Resûlullah efendimize, “Mü’min korkak olabilir mi?” dediler. “Evet olabilir” buyurdu. “Mü’min cimri olabilir mi?” dediler. Yine “Evet olabilir” buyurdu. “Mü’min yalan konuşabilir mi?” dediler. Bu soruya; “Hayır” buyurarak; bir Müslümandan şartlar ve mizac gereği olarak elinde olmadan, istemeyerek bazı olumsuzlukların sadır olabileceği fakat yalanın hiçbir zaman sadır olamayacağını kesin bir dille ifade buyurdular.
Yalan söylemek, pek bayağı ve en aşağı bir iştir. Dünyada zilleti gerektiren şeylerin en büyüğüdür. Âhirette ise zelîl ve rüsvây olmayı îcâb ettiren pek fenâ bir şeydir.
Yalan, münâfıklığın en büyük alâmetlerindendir. Ahlâkın düşüklüğünü gösteren kuvvetli bir delîldir. Yalancıya hiçbir zaman güvenilmez. Yalancı, konuştuğu zaman doğru konuşmaz. Hadîs-i şerîfte buyuruldu ki:
“Münafığın alâmetleri üçtür. Konuştuğunda yalan söyler. Bir va’dde bulunduğu zaman va’dinde durmaz, kendisine bir şey emânet edildiğinde hıyânet eder.”
Hikmet sahibi büyük zâtlar, “Dilsiz olmak, yalan söylemekten iyidir” demişlerdir.
Ahnef bin Kays buyurdu ki: “Akıllı ve şerefli bir mü’min yalan söylemez. Gıybet ve hıyânet etmez.”
Hazreti Ömer buyurdu ki: “Hiçbir kimse, mizah yaparken yalan söylemeyi terk etmedikçe îmânın hakîkatine kavuşamaz.”
Buhterî; “Ne ciddi ne de şaka hâlinde yalan söylemek insana yakışmaz” buyurdu.
Büyüklerden birisi buyurdu ki: “Sultan, yalancı birine bir iş verirse, bu kimsenin zararı sultânın idâresine tesîr eder.”

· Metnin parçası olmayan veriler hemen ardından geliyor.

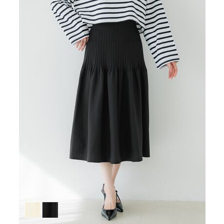 上品なシルエットと切り替えデザインが魅力のフレアスカート
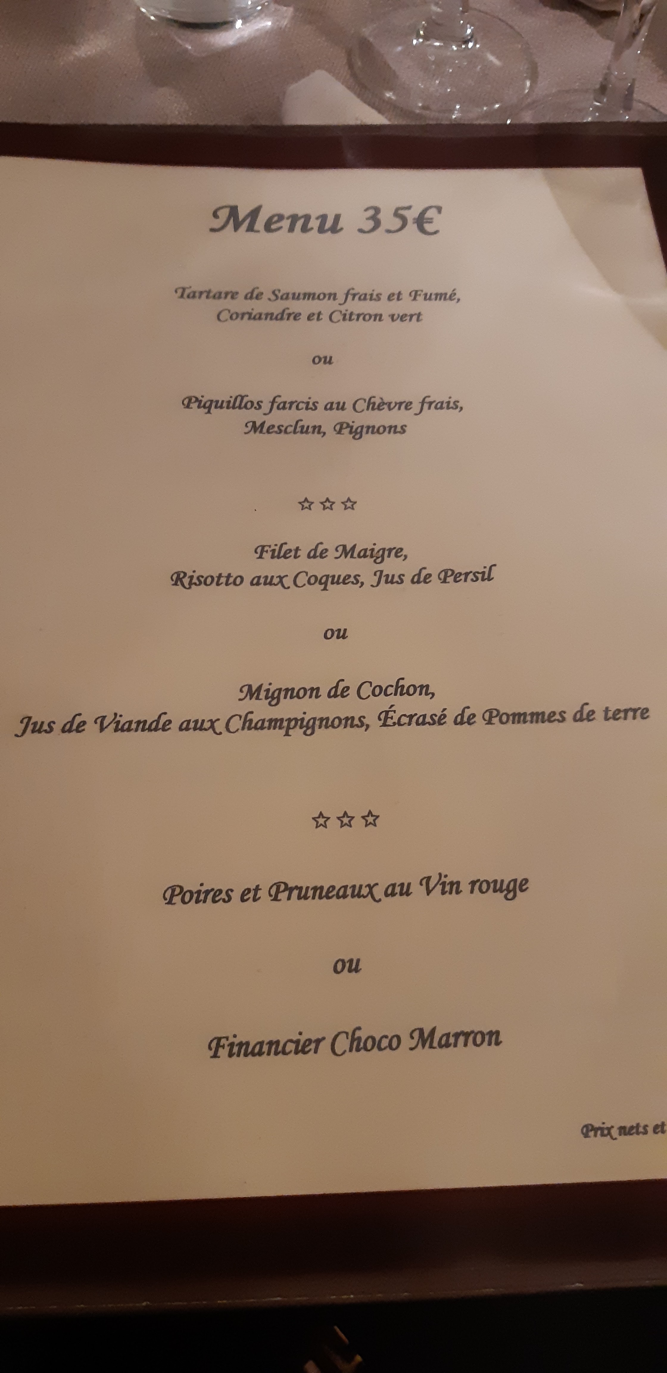C'était parfait! Les 3 plats excellents , un service impeccable, dommage ne prend pas les chèques vacances 😕

Lokman Hakîm oğluna nasihatinde; “Ey oğul! Kim yalan konuşursa, onun kıymeti gider” buyurdu.
Meymûn bin Mihrân buyurdu ki: “Akıllı kimse, yalancı kimsenin sevgisine aldanmasın. Onun va’dine güvenmesin. Yalancılıkla tanınmış birisinden doğru konuşmasını beklemek mümkün değildir.”
Yalan, güzelliğin ayıbı, lekesi, noksanı ve iyi ahlâkın âfetidir. Hıyânetin delîlidir. Yalan, çok kötü bir huydur. Doğru sözü az olanın, arkadaşı da az olur.